CI/CD data is hierarchical data. Stages belong to pipelines, builds belong to stages, artifacts belong to builds (with rare exceptions). We are designing a partitioning strategy that reflects this hierarchy, to reduce the complexity and therefore cognitive load for contributors. With an explicit partition_id associated with a pipeline, we can cascade the partition ID number when trying to retrieve all resources associated with a pipeline. We know that for a pipeline 12345 with a partition_id of 102, we are always able to find associated resources in logical partitions with number 102 in other routing tables, and PostgreSQL will know in which partitions these records are being stored in for every table.

Another interesting benefit for using a single and incremental latest partition_id number, associated with pipelines, is that in theory we can cache it in Redis or in memory to avoid excessive reads from the database to find this number, though we might not need to do this.

The single and uniform partition_id value for pipeline data gives us more choices later on than primary-keys-based partitioning.

Splitting large partitions into smaller ones

We want to start with the initial pipeline_id number 100 (or higher, like 1000, depending on our calculations and estimations). We do not want to start from 1, because existing tables are also large already, and we might want to split them into smaller partitions. If we start with 100, we will be able to create partitions for partition_id of 1, 20, 45, and move existing records there by updating partition_id from 100 to a smaller number.

PostgreSQL will move these records into their respective partitions in a consistent way, provided that we do it in a transaction for all pipeline resources at the same time. If we ever decide to split large partitions into smaller ones (it's not yet clear if we will need to do this), we might be able to just use background migrations to update partition IDs, and PostgreSQL is smart enough to move rows between partitions on its own.

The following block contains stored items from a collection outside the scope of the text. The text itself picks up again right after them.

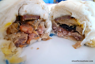 Cua pao is an open faced siopao with pork belly, preserved green mustard vegtable and sweet ground peanuts as filling. I don’t know where cua pao came from because I haven’t seen it in Hong Kong, China or Singapore. Maybe it’s a Filipino invention?
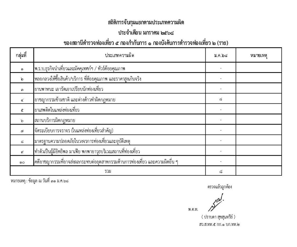 สถิติการจับกุมแยกตามประเภทความผิด เดือน ม.ค.68
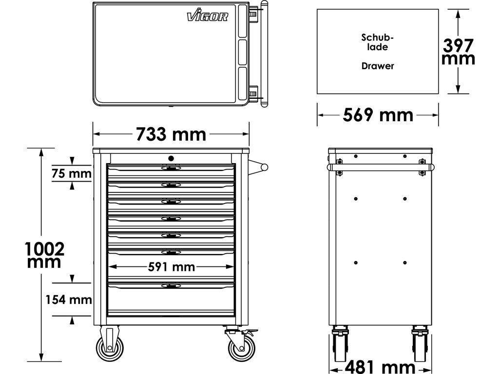 - rozměry zásuvek: 7× (569 × 398 × 75 mm), 1× (569 × 398 × 154 mm)

Storing partitions metadata in the database

In order to build an efficient mechanism that will be responsible for creating new partitions, and to implement time decay we want to introduce a partitioning metadata table, called ci_partitions. In that table we would store metadata about all the logical partitions, with many pipelines per partition. We may need to store a range of pipeline ids per logical partition. Using it we will be able to find the partition_id number for a given pipeline ID and we will also find information about which logical partitions are “active” or “archived”, which will help us to implement a time-decay pattern using database declarative partitioning.

ci_partitions table will store information about a partition identifier, pipeline ids range it is valid for and whether the partitions have been archived or not. Additional columns with timestamps may be helpful too.

Implementing a time-decay pattern using partitioning

We can use ci_partitions to implement a time-decay pattern using declarative partitioning. By telling PostgreSQL which logical partitions are archived we can stop reading from these partitions using a SQL query like the one below.

SELECT * FROM ci_builds WHERE partition_id IN (
  SELECT id FROM ci_partitions WHERE active = true
);

This query will make it possible to limit the number of partitions we will read from, and therefore will cut access to "archived" pipeline data, using our data retention policy for CI/CD data. Ideally we do not want to read from more than two partitions at once, so we need to align the automatic partitioning mechanisms with the time-decay policy. We will still need to implement new access patterns for the archived data, presumably through the API, but the cost of storing archived data in PostgreSQL will be reduced significantly this way.

There are some technical details here that are out of the scope of this description, but by using this strategy we can "archive" data, and make it much less expensive to reside in our PostgreSQL cluster by simply toggling a boolean column value.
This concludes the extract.